> About this exercise: Word for word, give the data again without its pictures.

..........

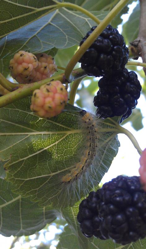 Макросъемка от Бори на мобильный телефон. Шелковица и гусеница.
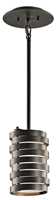 This 1 light halogen mini pendant from the Roswell(TM) collection will create a unique impression in your home. The Olde Bronze(R) outer finish with Gold Tone inner highlights and beautiful Satin Etched Glass form a distinctive, linear design.
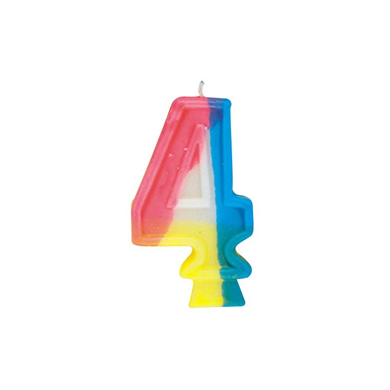 Create a colorful birthday cake with this Rainbow Number 4 Birthday Candle. This candle topper is in the shape of the number four and is perfect for a fourth birthday party or for combining with other number candles to celebrate a different birthday. Coordinate with other rainbow party decorations for a festive and vibrant affair.
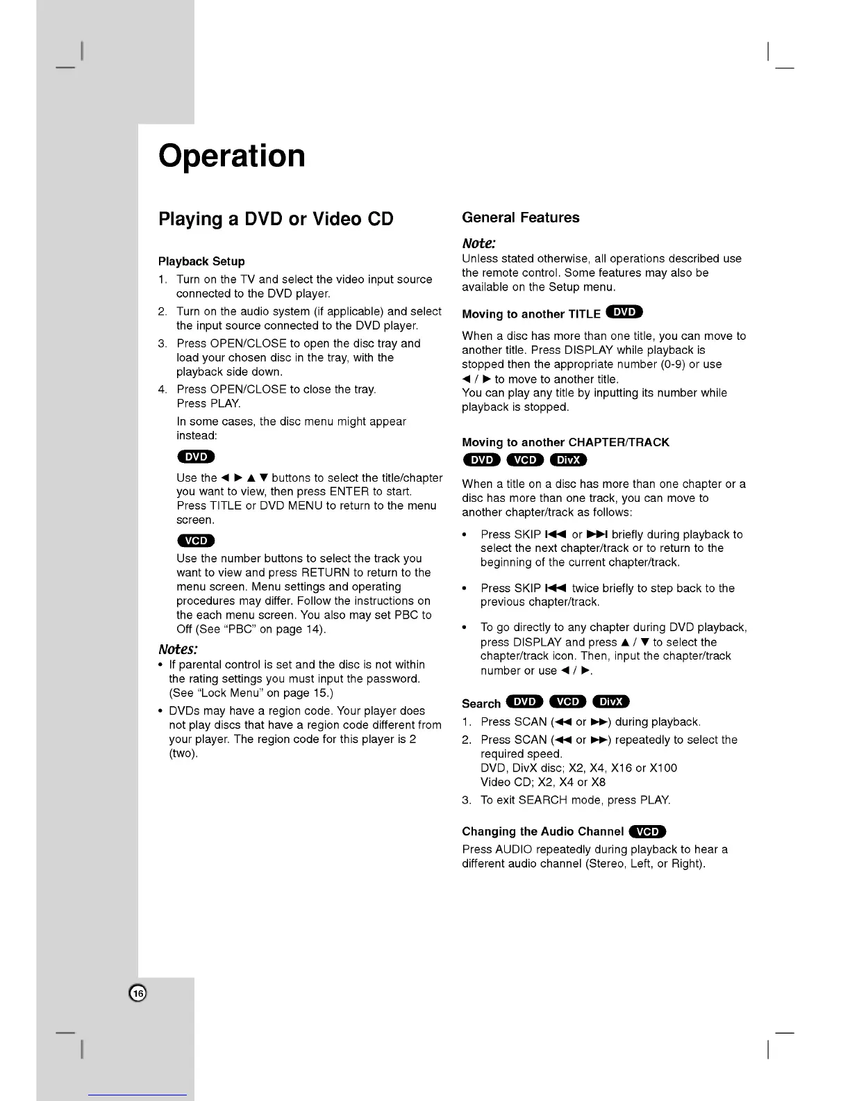 LG DVX9500 - Operation; Playing DVDs and Video CDs
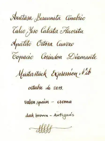 Aportamos como ejemplo una prueba de escritura, hecha por alguien no especialmente diestro en este sentido, pero que ayuda a visualizar lo expuesto hasta ahora. La tinta utilizada es Dark Brown de Antigua’s (un saludo a Miguel Ángel) y se han utilizado papeles Parchemin de Galgo (Papelera Tolosana, de bodega) y Opale Reference Liso (de Arjo Wiggins).
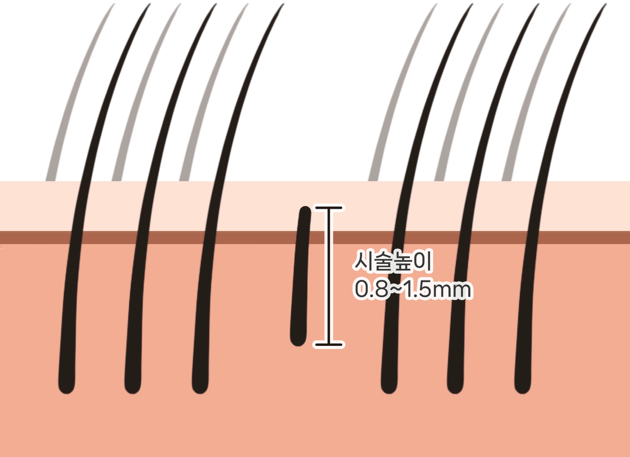 시술 시 니들의 깊이가 모낭에 다다르지 않기 때문에 기존 헤어에 전혀 영향을 주지 않습니다. 단 시술자의 시술이 능숙하지 못해 니들의 깊이 조절이 잘못될 경우 점의 사이즈가 커지거나 번져서 얼룩처럼 보이거나 부자연스럽게 보일 수 있으니 주의해야 합니다.
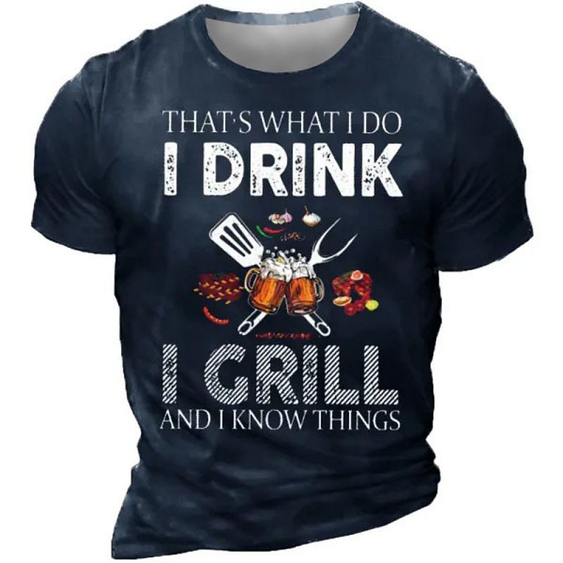 Mens 'I Drink I Grill And I Know Things' Graphic T-Shirt - Funny BBQ Beer Lifestyle Tee
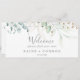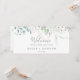 Dieser luftige, an Sitzplätzen hängende Willkommenskopf eignet sich perfekt für eine moderne Hochzeit. Das elegante botanische Design besticht durch helle und luftige Eukalyptusfarben in Aquarellfarbe, die mit skurrilen goldenen Glitzer-Blätter besticht. Die Karte druckt auf der Vorder- und Rückseite (beidseitig). Bitte Karo der Auflistung für die koordinierenden Tischnummer-Kartenkarten.
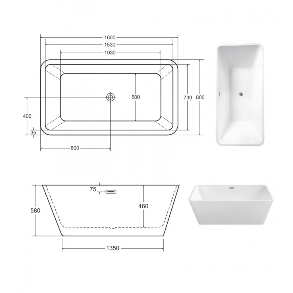 Опис Ванна акрилова EVITA 160х80 з сифоном клік-клак
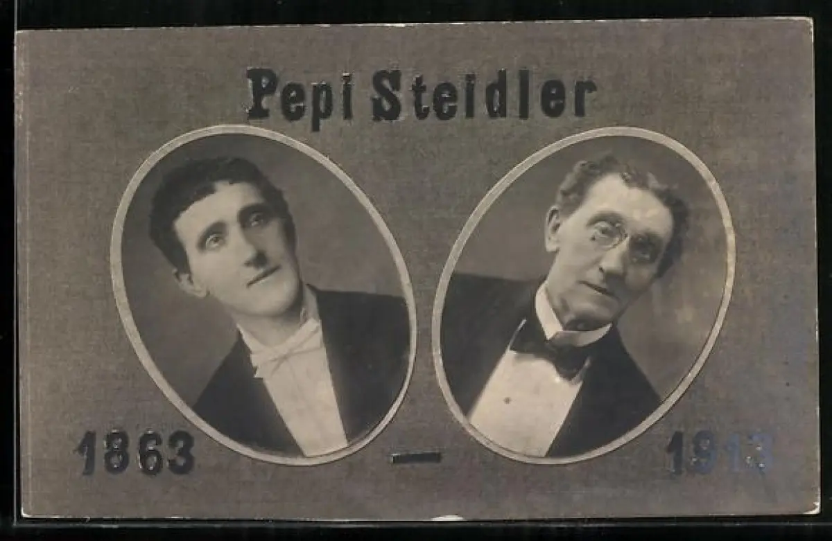 AK Gesangskomiker Pepi Steidler, Porträts in den Jahren 1863 und 1918
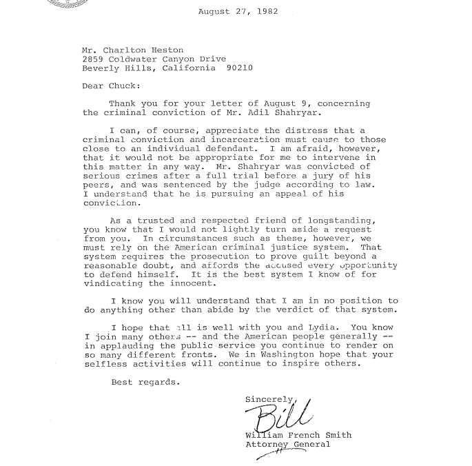 Hollywood actor Charlton Heston had requested the then Attorney General William French Smith in 1982 to intervene in the matter. The Attorney General, however, after his assistant’s memorandum, flatly refused to consider the gravity of the charges against Shahryar.

..........

> Exercise answer:
 Макросъемка от Бори на мобильный телефон. Шелковица и гусеница.
 This 1 light halogen mini pendant from the Roswell(TM) collection will create a unique impression in your home. The Olde Bronze(R) outer finish with Gold Tone inner highlights and beautiful Satin Etched Glass form a distinctive, linear design.
 Create a colorful birthday cake with this Rainbow Number 4 Birthday Candle. This candle topper is in the shape of the number four and is perfect for a fourth birthday party or for combining with other number candles to celebrate a different birthday. Coordinate with other rainbow party decorations for a festive and vibrant affair.
 LG DVX9500 - Operation; Playing DVDs and Video CDs
 Aportamos como ejemplo una prueba de escritura, hecha por alguien no especialmente diestro en este sentido, pero que ayuda a visualizar lo expuesto hasta ahora. La tinta utilizada es Dark Brown de Antigua’s (un saludo a Miguel Ángel) y se han utilizado papeles Parchemin de Galgo (Papelera Tolosana, de bodega) y Opale Reference Liso (de Arjo Wiggins).
 시술 시 니들의 깊이가 모낭에 다다르지 않기 때문에 기존 헤어에 전혀 영향을 주지 않습니다. 단 시술자의 시술이 능숙하지 못해 니들의 깊이 조절이 잘못될 경우 점의 사이즈가 커지거나 번져서 얼룩처럼 보이거나 부자연스럽게 보일 수 있으니 주의해야 합니다.
 Mens 'I Drink I Grill And I Know Things' Graphic T-Shirt - Funny BBQ Beer Lifestyle Tee
 Dieser luftige, an Sitzplätzen hängende Willkommenskopf eignet sich perfekt für eine moderne Hochzeit. Das elegante botanische Design besticht durch helle und luftige Eukalyptusfarben in Aquarellfarbe, die mit skurrilen goldenen Glitzer-Blätter besticht. Die Karte druckt auf der Vorder- und Rückseite (beidseitig). Bitte Karo der Auflistung für die koordinierenden Tischnummer-Kartenkarten.
 Опис Ванна акрилова EVITA 160х80 з сифоном клік-клак
 AK Gesangskomiker Pepi Steidler, Porträts in den Jahren 1863 und 1918
 Hollywood actor Charlton Heston had requested the then Attorney General William French Smith in 1982 to intervene in the matter. The Attorney General, however, after his assistant’s memorandum, flatly refused to consider the gravity of the charges against Shahryar.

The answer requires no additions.